こちらは、企業のPR担当という仕事に興味がある方や、初めてPR業務をおこなうことになった方が知っておきたい、PRの基礎に関するシリーズ記事となります。

さて、前回の記事ではPRと宣伝の違い、PR活動の本来の意味と役割などについて説明をしました。

情報過多の時代となり、従来のプロモーション手法だけでは効果が期待しづらくなってきており、企業にとってはますます優秀なPR・広報担当者のニーズが高まっています。そこで今回は、これから企業のPR担当を目指したいという方・新しく担当になられた方に向け、PRを成功させるために必要な考え方などを、LIGでの事例を踏まえながら説明をしていきたいと思います。

 
▼目次

  1. PRの成功とは“ファンをつくる”こと
  2. パブリシティを成功させるために
  3. オープンな関係を築こう
  4. PR担当者に求められる能力・知識

1. PRの成功とは“ファンをつくる”こと

さて、PR活動を続けていく上で、どのような状況になれば企業にとってPR活動が「成功した」と言えるのでしょうか。多くの人は「自社ブランド、商品、サービスの情報を広く認知させること」だと考えると思います。もちろんそれらは大切ですが、一番の理想はPR活動によって企業のファンになってもらうことではないでしょうか。
なぜなら、ビジネスでは「見込み顧客が既に企業のファンである」という状況はとても有利だからです。

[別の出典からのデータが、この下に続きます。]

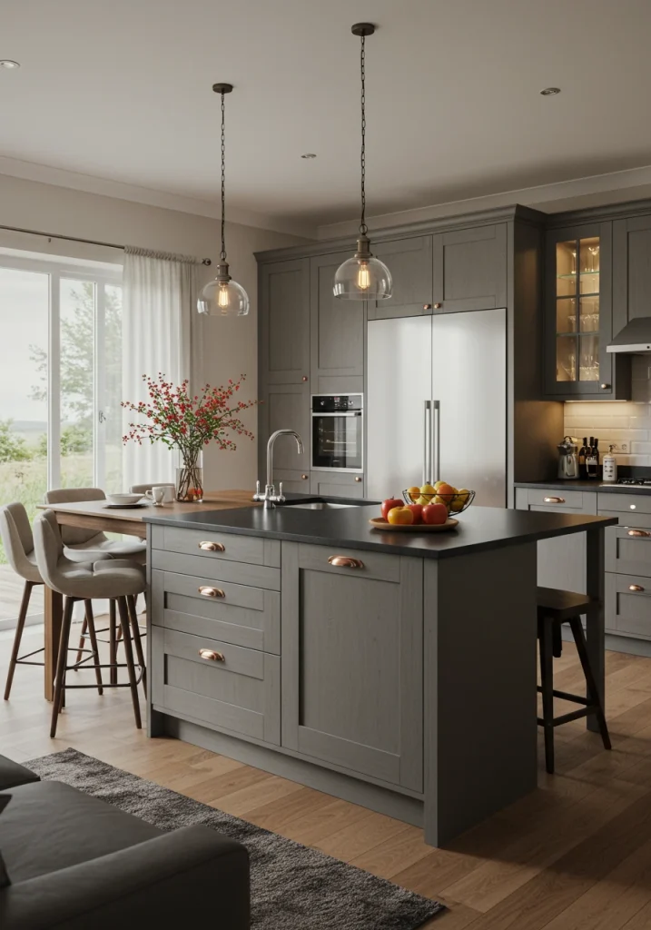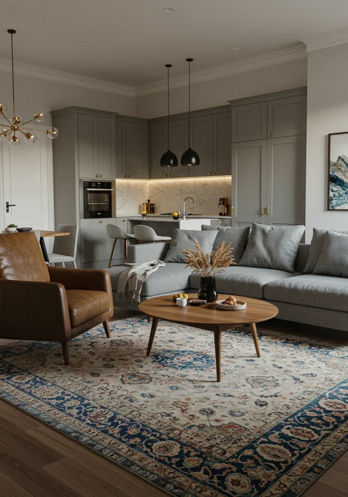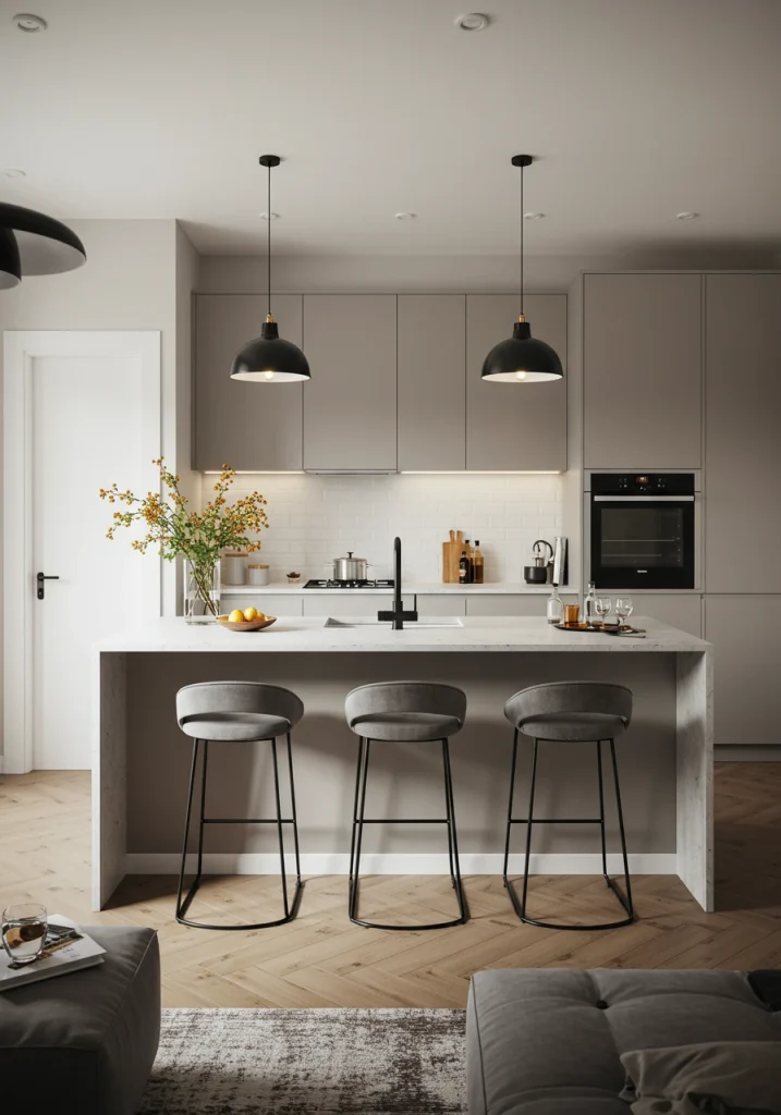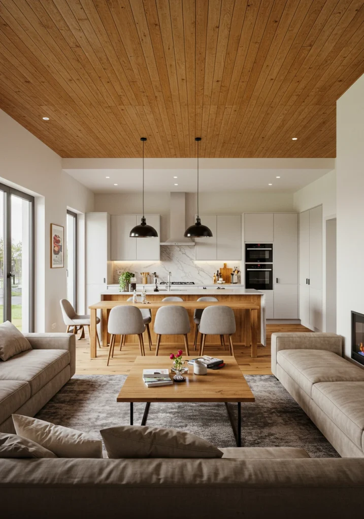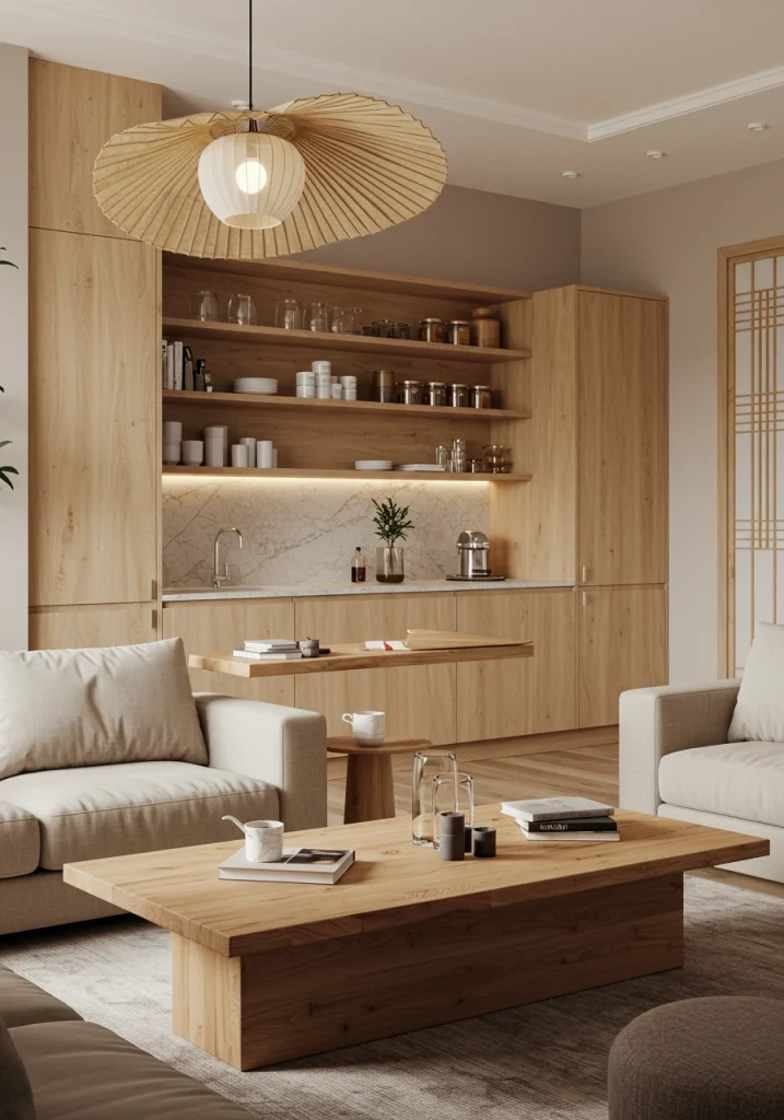 This is a top 2026 design trend that is perfect for open kitchen living rooms. It blends Scandinavian function with Japanese minimalism. It focuses on warm neutral palettes natural materials (like light wood and rattan) clean lines and a clutter-free calm atmosphere.
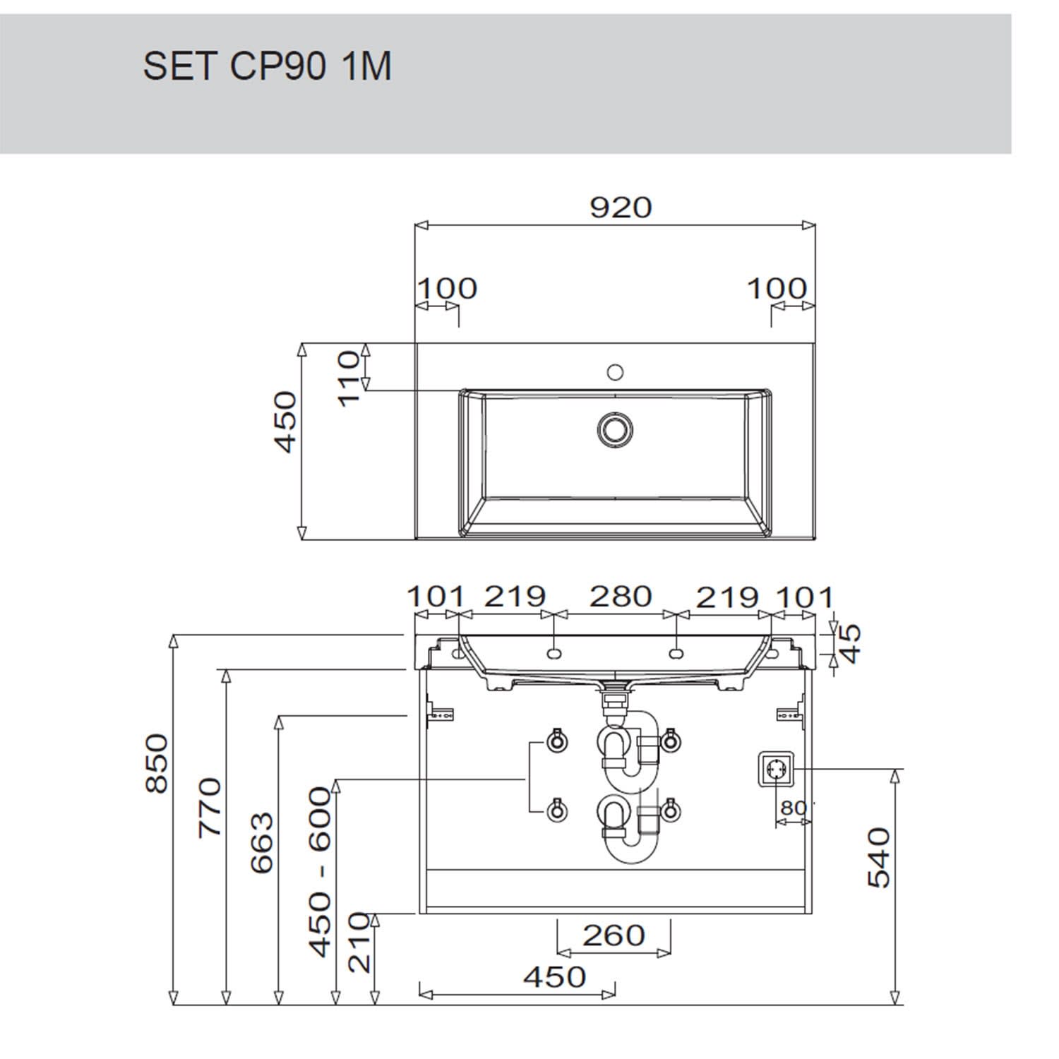 Puris c!puro Waschtischset 92 cm mit Waschtischunterschrank mit 2 Auszügen, Griff 351

たとえば発注担当者がある仕事をどこかに依頼しようと思ったとき、よほど特殊な事業やサービスでない限り、同じような仕事をしている企業が無数に選択肢として浮かびます。その中から1社を選ぶとき、通常は「価格の安さ」「クオリティの高さ」「スピード」など、いろいろな理由から総合的に判断します。
しかし、「その企業のファン」という理由があれば、そこから絞られる可能性はかなり高くなることが予想できます。

「認知」と「ファン」の違い

従来のPRの考え方では、「まず、商品やサービスを認知させて、利用してもらい、ファンになってもらう」という流れが一般的でした。そのため、PRを大々的におこなう大企業の発表する商品やサービスが注目されやすくなり、中小企業は「商品やサービスを認知させる」ことそのものが1つの大きな課題となっていました。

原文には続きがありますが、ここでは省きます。